I think I’m starting to come down from my manic episode finally. I started taking more of my mood stabilizer than in prescribed. I’m at basically the lowest dose. I think it’s leveling me out. I’m still hypomanic but nothing is uncontrollable anymore. I’m no longer being reckless and incredibly impulsive. Well, not to the extent that I was at. It was scary how out of control I was. I was ready to commit myself. I’m still going out almost every night, having a drink. But I’m not hooking up with anyone, doing drugs or going to anyone’s house and staying the night. So there’s that. I just hope this doesn’t mean I’m about to hit a depressive episode. That’s what I’m afraid of. If I don’t work I’m fucked. So let’s just hope I level out instead of going from one extreme end of the spectrum to the next.

FUCKKKK!!! Fuck this. Maybe I need to be hospitalized. The decisions I am making lately. I’m fucking up big time.
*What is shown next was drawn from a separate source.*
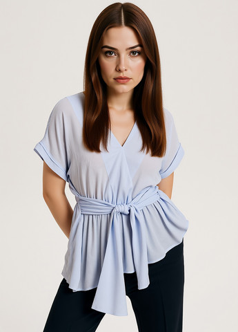 Виріз із запахом, короткі рукави з закладеними манжетами, еластичний пояс, ефектна зав’язка. На моделі розмір S/36 . Зріст моделі: 178 см.

I’m not seeing it until I get really high and am in the situation already. I’m at my best friends. You know. The guy, who is in love with me. Yesterday was valentines day. I worked then spent it with him. Well, I took his virginity last night. Fuck. Fuck. Fuck. What the fuck is wrong with me? I’m just going and doing everything that feels good without thinking of consequences. There’s literally no “stop and think”. Just do. I’m spending money I don’t have, buying and doing drugs.. TAKING MY BEST FRIENDS VIRGINITY! I’m so fucking stupid. I think I really need to be hospitalized. Like right now.

Borderline Personality and Splitting Yet Again

Goddamn. Splitting really fucking sucks. I Hella vibe with this guy the other night. Last night we went out to a bar and I was still Viking with him. Took some Molly and I was all over him. But when we got to his house I smoked weed and it intensified the Molly so intensely. In my “clarity moment” I split on him. He was the sexiest thing to me. 6'6, beard, deep voice. Sexy. But when I had my reality check all the affection I was enjoying made me feel absolutely smothered. I didn’t want to touch him, or kiss him. But he’s got aspergers so he didn’t pick up on my social cues. I completely shut down. I just couldn’t wait to get out of there. He kept being lovey dovey and it just made my skin crawl. It’s crazy. Going from one extreme to another. Splitting sucks because he’s a good guy. Not good for me though. I just am no longer interested.